I've made redesigns and adjustments over time, but it's been mostly passive,
specially the past three years or so as I haven't touched it at all.

Don't ask me the URL, it's fugly and I'm embarrassed (though you can probably
find it). Over the past few months I've been actually working on the side
building a platform to help me launch other similar projects in a more useful,
less ugly fashion. Too much to do, too little time. Stupid wasted youth :D

I never done a calculation like this before, and I didn't realize it's its
10th year anniversary! How cool is that. I would live like a king at 24 with
my current cashflow.

------
michaelbuckbee
I built a Heroku add-on that handles the purchase and installation much more
quickly and safely than they could do manually (about 80% of our customers get
SSL installed on their sites in less than 5 minutes).

[https://addons.heroku.com/expeditedssl](https://addons.heroku.com/expeditedssl)

It's been more challenging to get going than I anticipated as it's a
significant upfront cash investment to get good cert reseller terms.

------
habosa
Made an Android Snapchat client called SnapHack. It allowed you to download
Snaps and send pictures from your Gallery, pretty much the only features
people would want to add to Snapchat.

Powered it with an IAP to add 'My Story' support and small banner ads at the
bottom of the screen. The app got about 2,500-3,500 downloads a day up to a
total of 165,000 downloads. When searching for 'Snapchat' on Google play it
was the 2nd or 3rd result. IAP brought in about $25 a day (after 30% removed)
and the ads peaked at about $70 a day, so total was between $90 and $100 a day
when things were good.

Didn't last long though, took a while to get to that daily amount and
Google/Snapchat removed it from the store after the 3rd month of availability.
So total was a few thousand. Still a very, very good result but not full-time
income.

Side note: Java library that I made for interacting with Snapchat API hosted
on GitHub
([https://github.com/hatboysam/SnapHack](https://github.com/hatboysam/SnapHack)).
Contributions are welcome and it supports even all of the new Snapchat
features like messaging. Feel free to recreate SnapHack!

------
bvogelzang
I make an average of $70/day on my app in the Mac App Store called HD Cleaner.
[https://itunes.apple.com/us/app/hd-
cleaner/id836769549?mt=12](https://itunes.apple.com/us/app/hd-
cleaner/id836769549?mt=12). I wish I had more time to invest in making more
apps like this one. I've been really surprised by how well the app has done
with little to no marketing.

------
jhwhite
Other than stocks and mutual funds I've only got one source of passive income.

I made a Pathfinder Ability Score Calculator last year and it got picked up by
d20. There's an ad on it so I get revenue from it. Right now only about
$40-50/month but it's been steadily increasing since I put it up a year ago.

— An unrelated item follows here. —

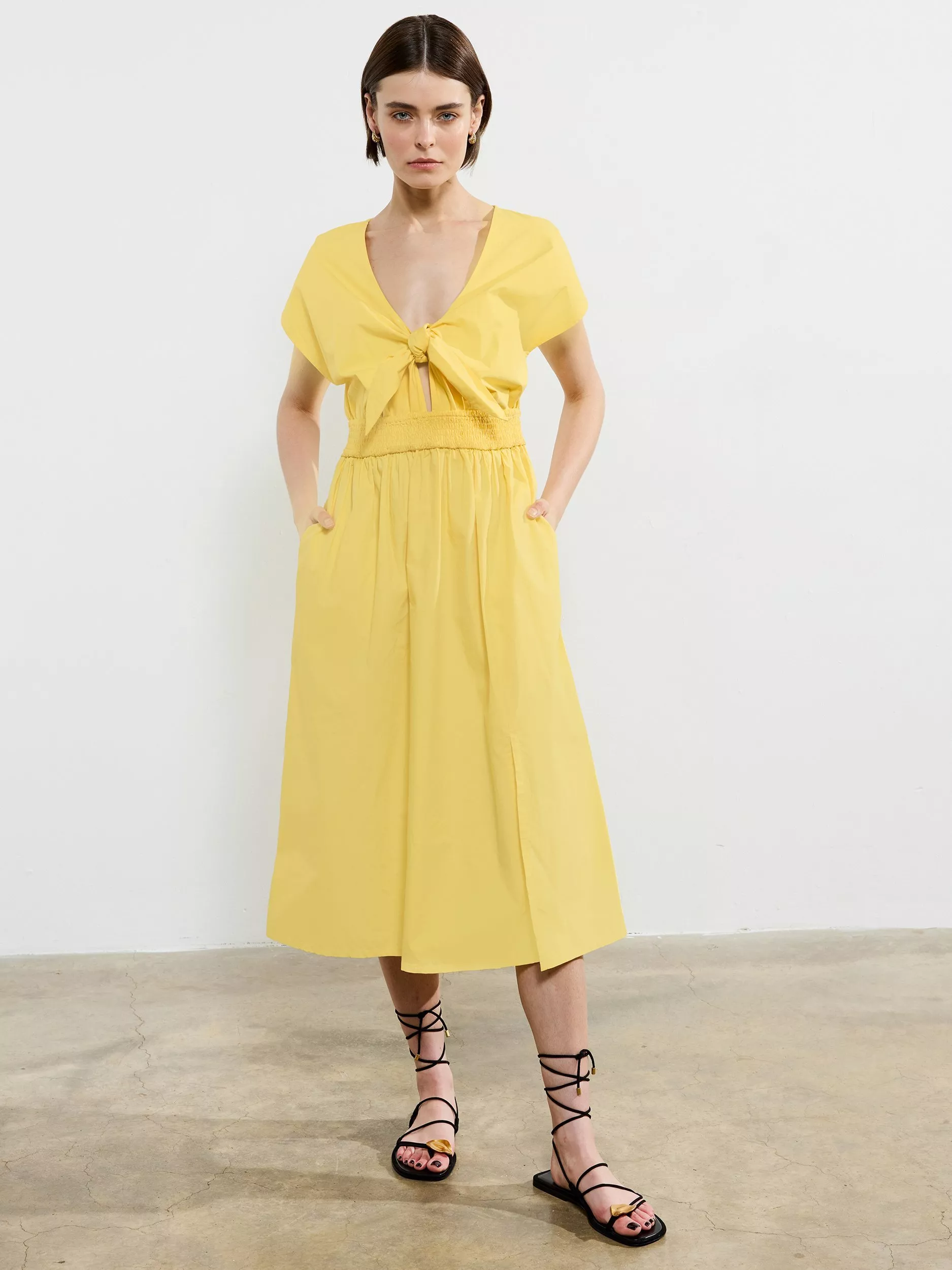 The Barletta Poplin Tie Midi Dress exudes confidence with its mix of modern design and timeless appeal. This breathable poplin dress features a daring front tie detail and subtle midriff cut out to complement its v neckline whilst leading to an elasticated waist for comfort to take you from day to night.

A friend was going to sell me his hosting business but that fell through. That
would have added about $100/month.

------
gmays
Residential real estate. I bought a few short sale condos here in San Diego
from 2010 to 2012 at 1/3 their values from a couple years earlier and hired a
property manager.

Now I get about 1.5% their purchase price gross in rental income every month.
After buying them and fixing them up the majority of the work I do on them is
at tax time (still do taxes myself to stay in the loop). HOA and property
management fees eat into it a bit, but it's not a bad haul. In addition to the
cash flow, they've all appreciated from 20%-50% in the last couple years.

These days dividends from Apple stock (not bad for a tech company) and some
other investments are doing better, though not even close to as well as the
real estate.

The key is often to save up enough money to be able to take advantage of
opportunities. For example, we just decided last week that we're moving to
Florida. We were planning to rent, but we found a 3BR condo in a high-rise
gated community on a golf course about 1mi from the beach for around $300,000
that went for $800,000 before the financial crisis. Luckily, we had the cash
to be able to capitalize on the opportunity. I assume the property value will
at least double in the next 5 years. Even if it doesn't, if we had to rent it
out tomorrow we could break even on what we pay for the mortgage + HOA fees
with rent.

It's risker than other endeavors, but investing in residential real estate
like this is the best kind of investment I've found for my risk profile with
the amount of money I'm willing to invest.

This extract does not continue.